Haseley's motion must be denied because its argument turns on a genuine issue of material fact — to wit, where plaintiff fell. Haseley contends that, because plaintiff fell — if he fell at all — in a zone for which Haseley had no responsibility, Haseley owed plaintiff no duty. Haseley's premise is that, because Norton's employees were responsible for clearing snow from the area extending six feet from Door #35 and plaintiff maintains that he fell within two feet of Door #35, then, regardless of the condition of the walkway, Haseley cannot have done anything wrong and is not, therefore, liable to Norton for indemnification or contribution. The difficulty with this position is that the record as it exists today gives rise to nothing resembling certitude as to the site of plaintiff's alleged fall. While clearly plaintiff has attested to his having fallen two feet from Door #35, his answers to two sets of interrogatories as well as other deposition testimony place the point of contact some five to eight feet from the door. The question is further complicated by the fact that Sawyer's testimony was that Norton employees shoveled "approximately" six feet from the plant's entryways. Even more significant for present purposes, however, is that, not only does plaintiff's description vacillate between two and eight feet, but his own rendering of the fall site suggests that, for him to have struck the H.V.E.S. trailer hitch on his way to the ground, the fall took place at least eight feet from Door #35. Thus, while this Court makes no determination as to where plaintiff fell or as to whether Haseley's performance of its duties can have given rise to any liability, it is nevertheless abundantly clear that the existence of genuine issues of material fact as to the location of the fall precludes the granting of summary judgment. See McBride v. Stewart's Ice Cream Company, Inc., 691 N.Y.S.2d 630, 630 (App.Div., 3d Dep't 1999) (holding that summary judgment in favor of third-party defendant on hold harmless agreement was precluded by genuine issues of material fact as to where plaintiff fell and how such location related to the question of third-party defendant's negligence vel non).

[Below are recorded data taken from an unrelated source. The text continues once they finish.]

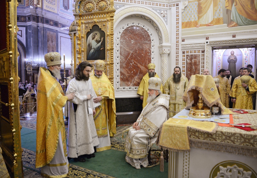 Фоторепортаж о Божественной литургии в Храме Христа Спасителя в день рождения Предстоятеля Русской Церкви20 ноября 2013 года, в день своего рождения, Святейший Патриарх Московский и всея Руси Кирилл совершил Божественную литургию в кафедральном соборном Храме Христа Спасителя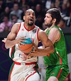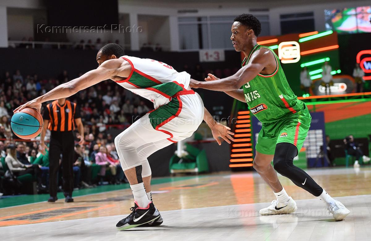 Единая лига ВТБ по баскетболу. Матч между командами УНИКС (Казань) - "Локомотив-Кубань" (Краснодар) на спортивной арене "Баскет-холл". Игрок команды "Локомотив-Кубань" Патрик Миллер (слева) во время матча.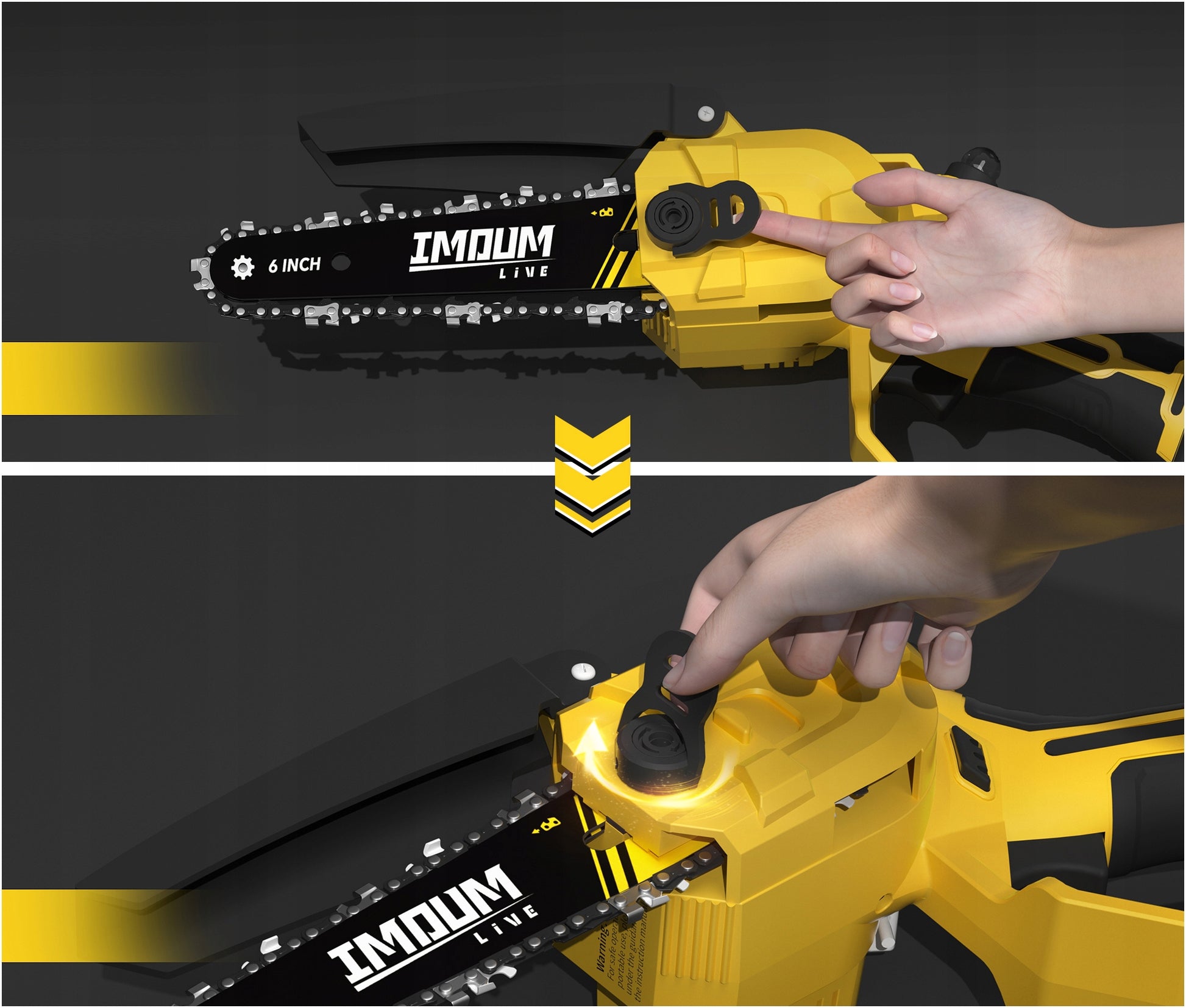 IMOUM DLJS6 PRO sukurtas atsižvelgiant į vartotojo patogumą ir saugumą. Integruota automatinio grandinės sutepimo sistema užtikrina optimalų pjūklo darbą ir ilgina grandinės bei kreipiamosios tarnavimo laiką, o reguliuoti įtempimą galėsite lengvai, be papildomų įrankių. Ergonomiška, paminkštinta rankena suteikia tvirtą sukibimą, o saugos jungiklis apsaugo nuo netyčinio įsijungimo. Kompaktiškas dizainas ir lengvas svoris (tik 1,6 kg su akumuliatoriumi) leidžia dirbti ilgai be nuovargio.
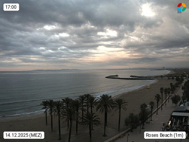 E 17480 Roses (Rosas) an der Costa Brava, Blick Richtung Westen über den Strand. Präsentiert von https://www.roses.net.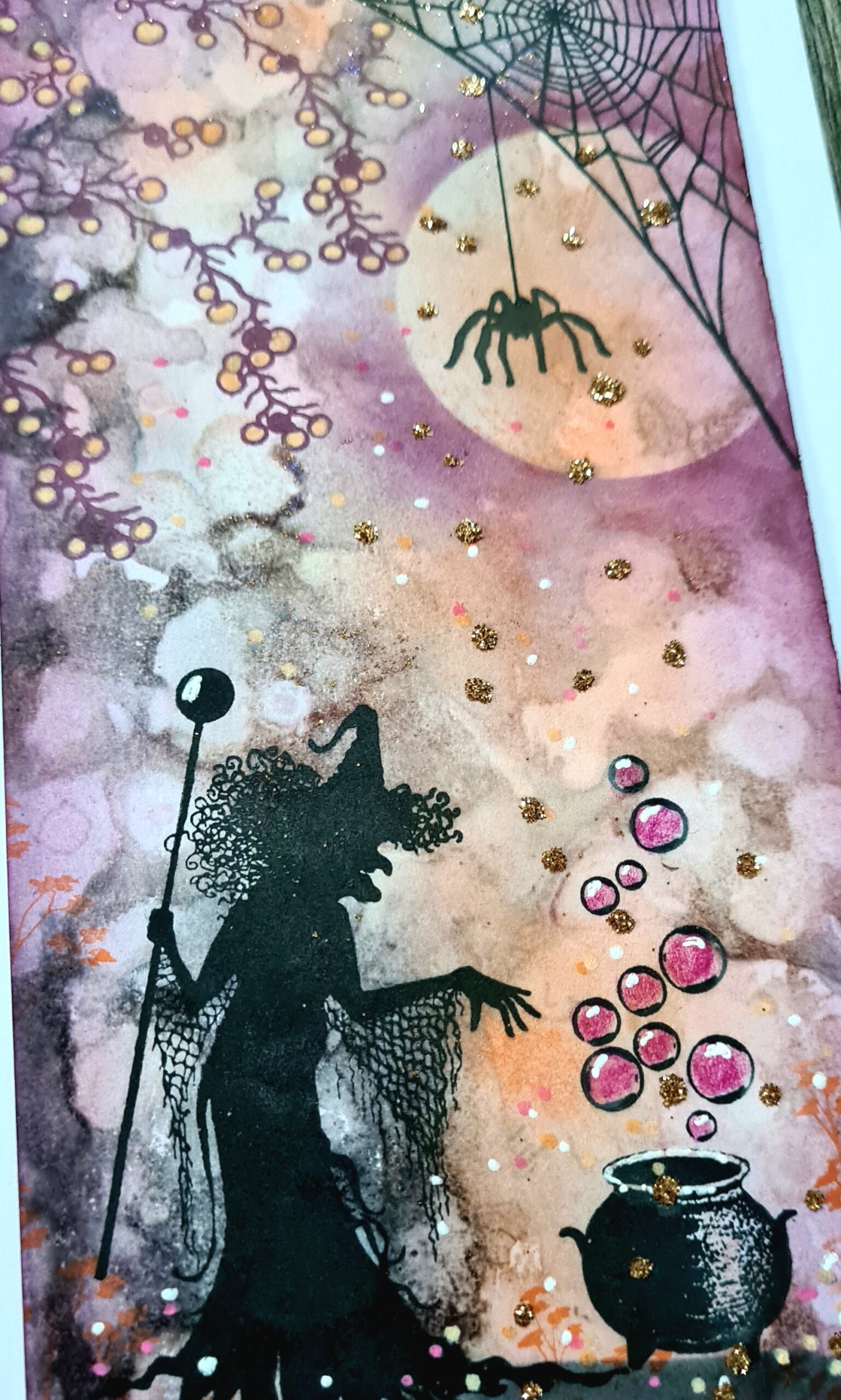 Pour terminer, j’ai imprimé les divers motifs de tampons Lavinia, colorisé les bulles au crayon, les petites baies au feutre Posca, et ajouté quelques paillettes;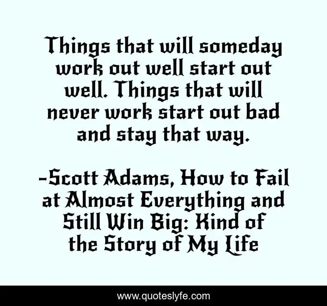 "Scott Adams, How to Fail at Almost Everything and Still Win Big: Kind of the Story of My Life Quotes." Quoteslyfe.com, 2025. Fri. 05 Dec. 2025. <https://www.quoteslyfe.com/quote/Things-that-will-someday-work-out-well-144855>.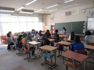 おはなしそよ風様による「読み聞かせ」がありました。今回は、今年度最終日ということで、6年生からお礼を伝える場面がありました。6年生は、1年生の時に初めて読んでいただいた「おばけの本」の話を、再度聞かせていただきました。「大きくなったね。」というおはなしそよ風の方の声。本当に長い間、おはなしの世界に温かく子供たちを誘ってくださり、感謝しています。ありがとうございました。そして、これからもよろしくお願いいたします。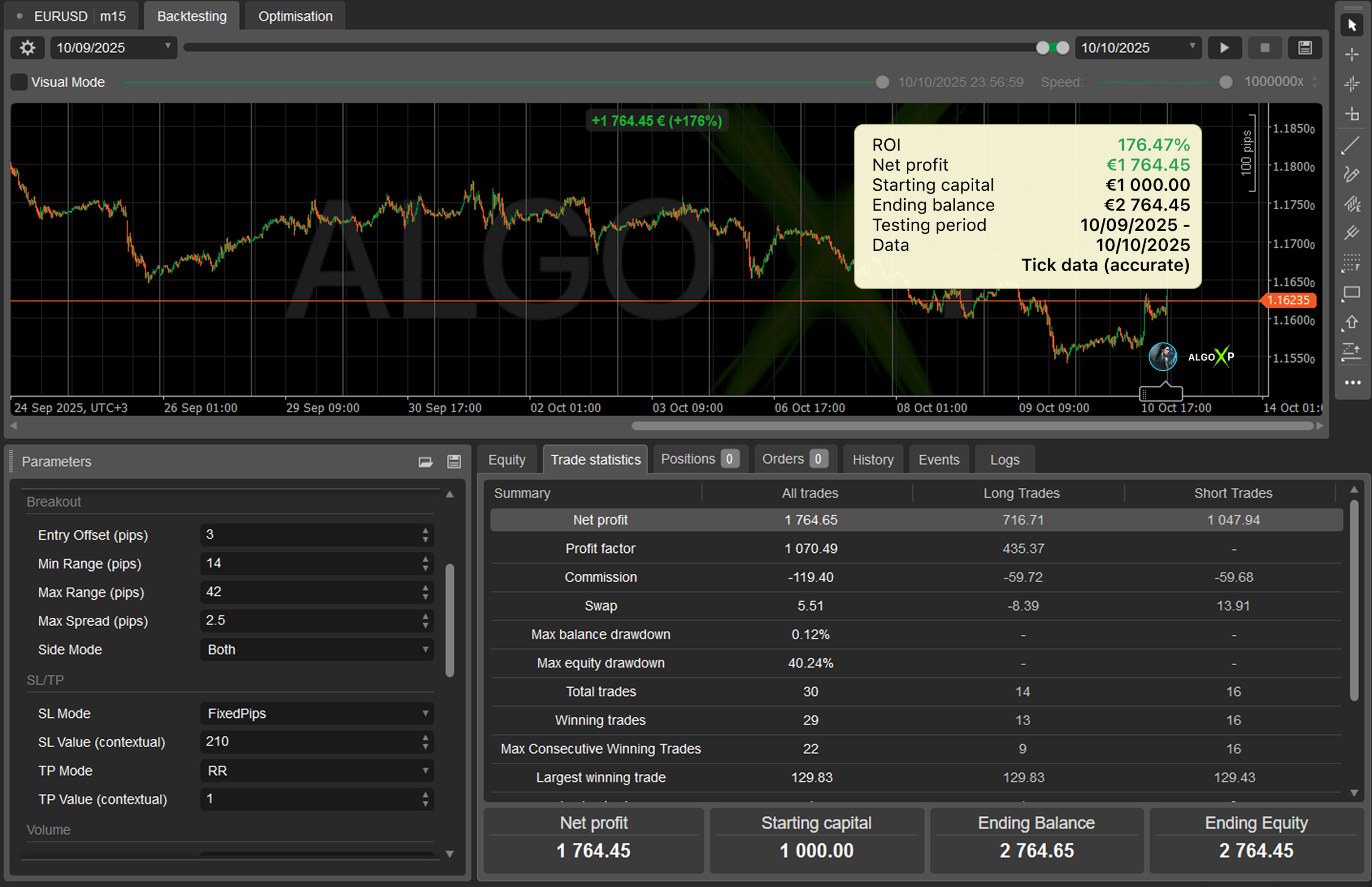 - Breakout: entry offset, min/max range, max spread, allowed side (Both/Buy only/Sell only).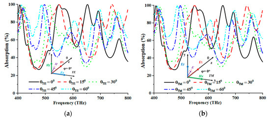 Figure 6a,b depict the alterations in the angle of incidence, ranging from 0° to 60°, for TE and TM modes. As the incidence angles increased, a discernible decrease in the average absorption was observed, accompanied by a shift towards higher frequencies. The correlation between higher incidence angles and longer path lengths reduced the coupling impact. The EM dipolar resonance of the structure experienced a decline due to the decrease in the coupling effect, which subsequently diminished the wave-confining proficiency of the dielectric layer. The determination of absorption was performed using specular reflection. This approach is justified by the simulation outcomes, which revealed a deviation of 15° from the normal incidence, reducing the reflected field strength, coupled with a shift towards higher frequencies. This phenomenon strongly suggested that most reflected energy was concentrated in this direction. Based on the numerical analysis, the TE mode yielded the highest peaks of absorption at 99.979%, 99.992%, 99.922%, 99.534%, and 99.539%, correspondingly, for incident angles of 0°, 15°, 30°, 45°, and 60°, at frequencies of 549.20 THz, 548.80 THz, 514.40 THz, 498.00 THz, and 485.20 THz, respectively. Meanwhile, for the TM mode, the maximum peaks of absorption of 99.987%, 99.994%, 99.857%, 99.928%, and 99.489% were recorded at corresponding frequencies of 549.20 THz, 549.20 THz, 514.40 THz, 496.40 THz, and 485.20 THz, across five distinct incident angles (0°, 15°, 30°, 45°, and 60°). Table 3 tabulates the readings from the TE and TM modes.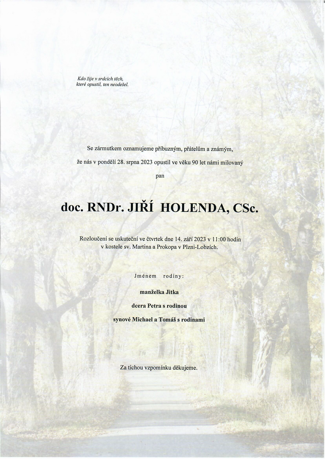 Poslední rozloučení s Jiřím Holendou se uskuteční ve čtvrtek 14. září v 11 hodin v kostele sv. Martina a Prokopa v Plzni-Lobzích.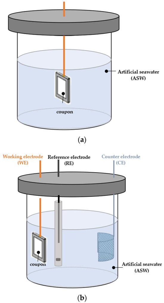 Four coated coupons, each measuring 4 cmL × 4 cmW × 0.5 cmT, were cut for corrosion evaluations in the laboratory. Three of the coated samples underwent static immersion testing in artificial seawater (ASW) [26] (Figure 4a), while the remaining samples were subsequently evaluated using electrochemical methods (Figure 4b). All measurements were conducted at room temperature.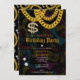 A hip hop 90's style gold Cuban link chain and opaque graffiti background birthday party invitation design perfect for birthday parties with a hip hop theme. Customize this hip hop birthday invitation with your text. Hand drawn Cuban link chain and accessories on a black background.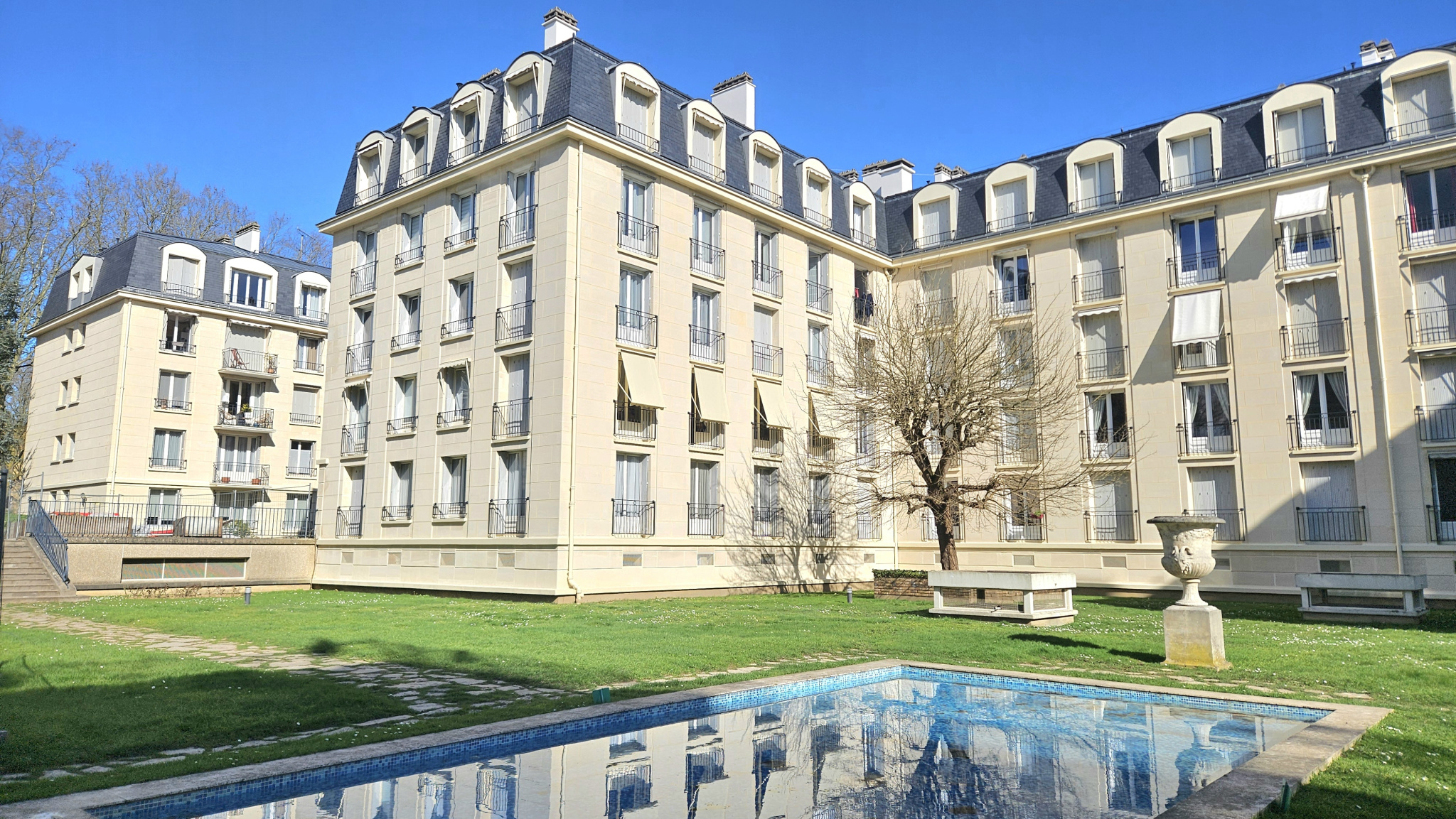 VERSAILLES Porchefontaine / Avenue de Paris - Les Octrois, RARE, très bien situé au calme et sur le bassin d'ornement d'une résidence appréciée et sécurisée, bel appartement à rafraichir, extrêmement lumineux, bénéficiant d'une double exposition...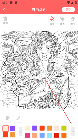 4、在涂色界面选择颜色,通过工具进行涂色操作,完成后可点击【保存】。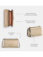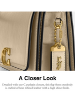 The Coach Luxe Refined Calf Leather Bandit Crossbody is the perfect fusion of elegance and practicality. Crafted from high-shine refined calf leather, this structured flap-front handbag radiates sophistication with a touch of modern attitude. Featuring a pushlock closure inspired by Coach’s iconic Signature pattern, the Bandit Crossbody offers secure access to your essentials. Thoughtfully designed with dual compartments, an interior snap pocket, and a convenient exterior open pocket, it keeps your belongings organized and within reach. The adjustable shoulder strap (21 1/2" drop) allows for seamless styling as a shoulder or crossbody bag. Compact at 7" L x 4 1/4" H x 2 1/2" W, it’s ideal for carrying your phone, wallet, and small accessories while adding a touch of luxury to any outfit. Available in classic Ivory and Black, the Bandit Crossbody perfectly embodies Coach’s legacy of refined craftsmanship.

See Sawyer Dep., attached as Exh L to Scott Aff., at 28.
See Szlachta Dep., attached as Exh G to Scott Aff., at 35-38.
See Exhs A B as attached to Jan. 3, 2000 Aff. of Preston L. Szlachta, Esq., and Szlachta Dep. at 146. While the undersigned recognizes the procedural infirmity of plaintiff's having failed to sign the answers to his interrogatories, any such deficiency — for purposes of this motion, at least — is compensated for by the equivocation as to the site of the alleged fall within plaintiff's deposition testimony.
See Sawyer Dep., attached as Exh L to Dec. 6, 1999 Aff. of Robert E. Scott, Esq., at 28.
See Szlachta's Drawing, attached as Exh L to Zarlock Aff.
Accordingly and because there exist genuine issues of material fact as to where plaintiff fell — if indeed he did fall —, it is hereby ORDERED that third-party defendant Haseley's motion for summary judgment is denied.